What is the Gambler’s fallacy in betting? How do I avoid it?
10 months ago Ambex 0
If you’ve been gambling or betting, then you might be aware of the term ‘Gambler’s Fallacy or the Monte Carlo Fallacy. What is it anyway? It is the belief that something is more likely or less likely to happen based on a series of previous events that, in themselves, were entirely random. The fallacy in this is the ability to spot a pattern in random events despite that being an oxymoron. Past occurrences are incapable of determining the probability of specific events occurring in the future.

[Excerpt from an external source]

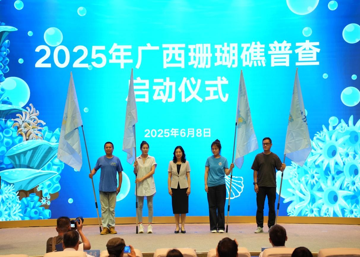 活动中,黎宁为广西珊瑚礁普查志愿服务队授旗,正式启动2025年“广西珊瑚礁普查行动”。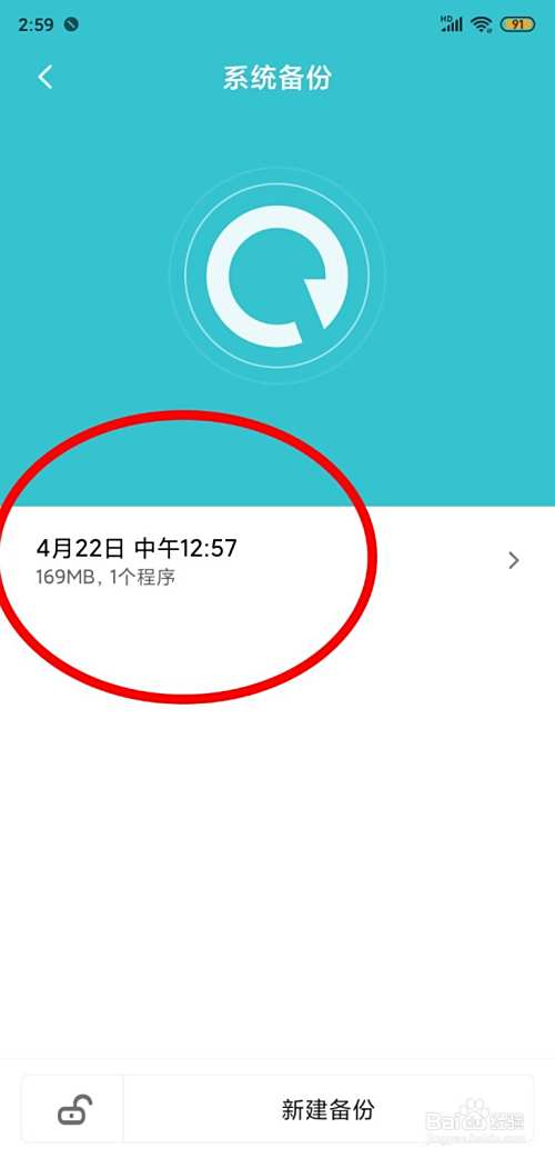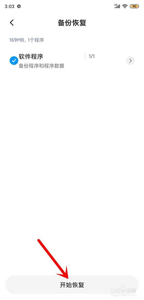 4.需要恢复时点击该备份,再点击下方【开始恢复】;

There are various industries where this theory takes place that include gambling and investing. In the latter, it happens when investors sell their shares when the market is bullish with the assumption that the said trend is likely to change, despite having evidence that the same is true. Another example in betting is when a person using Bitcoin Dice betting platform and continues to play blackjack despite having a losing streak believing that, according to probability, the tide will change in their favor.
What a person needs to understand is that each event is independent of each other. An example is a coin toss. However many times a coin gets flipped and no matter the accumulative outcome of heads or tails, the chances of the coin landing on heads or tails is always 50/50. The fallacy is in believing that should there be more tails then it is likely that the next coin tosses will produce more tails than heads. The fundamental idea is this: you cannot predict the outcome of random events.
The reason for the name is because this phenomenon was observed on August 18, 1913, at the Le Grande Casino. The color black happened 29 times consecutively, and afterward, people began placing their bets on the 30th landing on red. As with the coin, the wheel had no memory. That was the trend after the 10th black came up; with every bet, people placed their money on red assuming that there was no chance that the color black would come up again. By the end of the night, Le Grande was extremely wealth with 10 million francs, leaving gamblers broke.
With that idea in mind then a person is betting, the assumption that one can predict the outcome of a bet should be given up altogether. The reasonable approach is to use betting systems that increase your chances of winning despite what the odds may be. Therefore, the way to avoid the Gambler’s fallacy when playing any betting game such as blackjack is to always go with the mathematical probability and not an unfounded bias of what the outcome should be. Machines and other lifeless objects have no emotions and are therefore not going to be dictated by emotions to do any differently.